Some more examples with differing query/reference relationships:

// a normal NGS read length
let query = b"AAAAAAAAAACCCCCCCCCCGGGGGGGGGGTTTTTTTTTTTNNNNNNNNN";
let profile = Profile::new(query, &identity_matrix);

// these should be exact matches, with score of 50
let reference = b"AAAAAAAAAACCCCCCCCCCGGGGGGGGGGTTTTTTTTTTTNNNNNNNNN";
assert_eq!(50, local_alignment_score(&profile, reference, 1, 1));
assert_eq!(50, semi_global_alignment_score(&profile, reference, 1, 1));
assert_eq!(50, global_alignment_score(&profile, reference, 1, 1));

// these should be inexact matches with 2 edits, with score of 48
let reference = b"AAAAAAAAAACCCCCCCCCCGGGGGGGGGGTTTTTCCTTTTTTNNNNNNNNN";
assert_eq!(48, local_alignment_score(&profile, reference, 1, 1));
assert_eq!(48, semi_global_alignment_score(&profile, reference, 1, 1));
assert_eq!(48, global_alignment_score(&profile, reference, 1, 1));

Also, we can just do one-off alignment which will automatically create and destroy the profile:

let query = b"AAAAAAAAAACCCCCCCCCCGGGGGGGGGGTTTTTTTTTTTNNNNNNNNN";
let reference = b"AAAAAAAAAACCCCCCCCCCGGGGGGGGGGTTTTTTTTTTTNNNNNNNNN";
assert_eq!(50, local_alignment_score_no_profile(reference, query, 1, 1, &identity_matrix));

Structs

AlignmentStats

Stores statistics from an alignment.

Matrix

A substitution matrix to use when aligning DNA or protein. Can be reused in many profiles.

Profile

A container for a parasail query profile. Can be reused to re-align the same sequence against multiple references.

Enums

MatrixType

Denotes the type of the substitution matrix. Use Identity for simple edit-distance calculations.

Functions

global_alignment_score

Provides a score for global pairwise alignment, using a vectorized version of Needleman-Wunsch.

local_alignment_score

Returns a score for local pairwise alignment using a vectorized version of Smith-Waterman.

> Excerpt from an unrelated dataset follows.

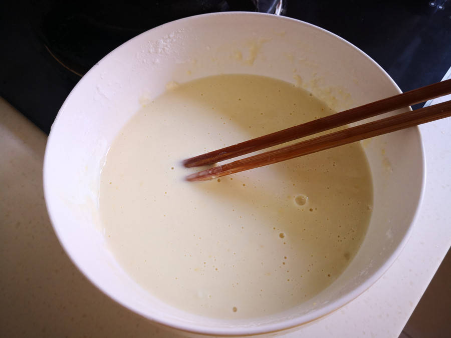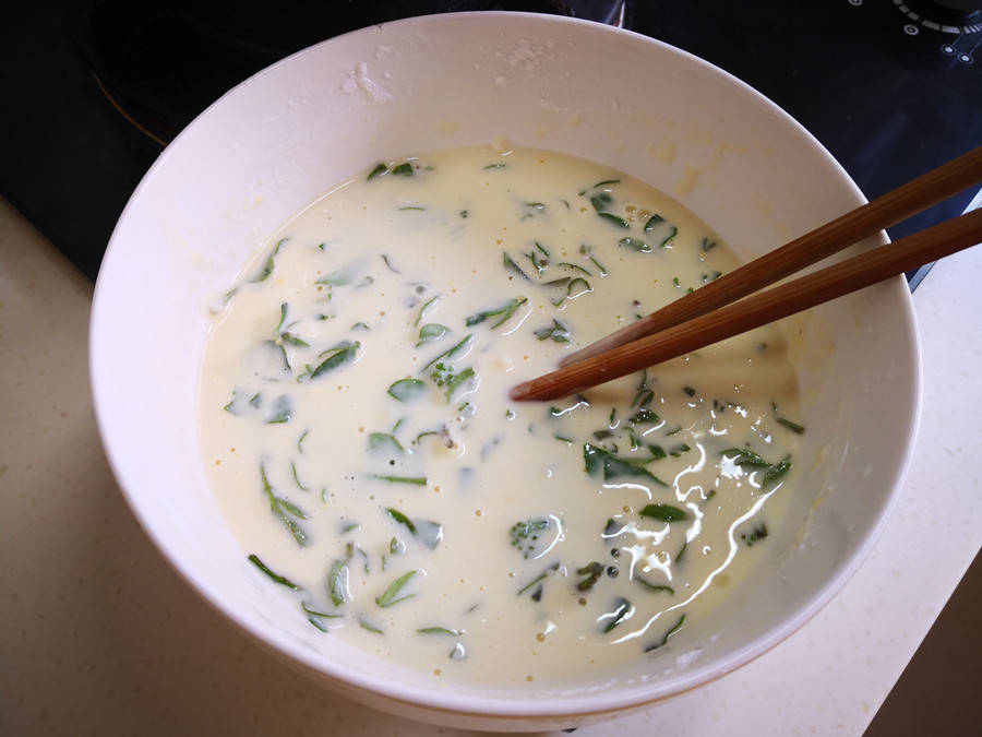 採摘回來的花椒芽要挑選一下,去掉有刺的部分,放到淡鹽水中浸泡30分鐘,然後沖洗乾淨備用;取200克麵粉和50克澱粉放入碗中,磕入一個雞蛋,攪拌均勻後開始分少量多次倒入清水,調成拉絲如酸奶狀的麵糊。

local_alignment_score_no_profile

Returns a score for local pairwise alignment using a vectorized version of Smith-Waterman.

local_alignment_stats

Provides statistics for local pairwise alignment using a vectorized algorithm.

semi_global_alignment_score

Provides a score for semi-global pairwise alignment using a vectorized algorithm.

semi_global_alignment_stats

Provides statistics for semi-global pairwise alignment using a vectorized algorithm.